In the example above, we eliminated the warnings when we got rid of the Class representing the collection type, but we left the Class representing the element type in. This isn't a problem in the example above, but if we called getSomethingOf() with a generic element type, the code won't compile. Again, our only options would be to live with warnings or use a callback.

Thanks, Bob, though I'm not sure I like the solution. Bob also pointed out (over IM) that Angelika Langer has a great FAQ on generics off of her website; were I not such a lazy person, I'd link to it directly from here (and will later, when I'm online), but for now, Google on "Langer generics FAQ" and you're feeling lucky....

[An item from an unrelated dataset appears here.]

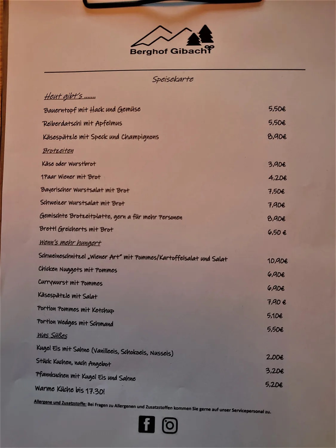Berghof Gibacht Speisekarte:

Finally, Rafael de F. Ferreira wrote:

Hello. I came up with the following ugly hack:
import java.util.*;
import org.junit.Test;

public class WithNewClass {
  public static <T, C extends Collection<? super T>> 
    C getSomethingOf(Class<C> type, Class<T> contentType) 
    throws Exception
  {
    C res = type.newInstance();
    res.add(contentType.newInstance());
    return res;
  }

  public static Set<Date> getSetOfDate() 
    throws Exception 
  {
    class HSD extends HashSet<Date> {};
    Class<? extends Set<Date>> cls = HSD.class;
    return getSomethingOf(cls, Date.class);
  }

  @Test public void printSetOfDate() throws Exception {
    Set<Date> newset = getSetOfDate();
    System.out.println(newset);
  }

}
It compiles without warnings in Eclipse, but I hope someone knows a better solution. Creating a class just to capture type arguments seems like a kludge.
It is, Rafael, but it's an interesting and useful kludge, nonetheless.

Thanks to all five of you for your comments; much as I dislike the generics system that Java ended up with, the sooner we learn to work with it and account for its... quirks, shall we say... the better.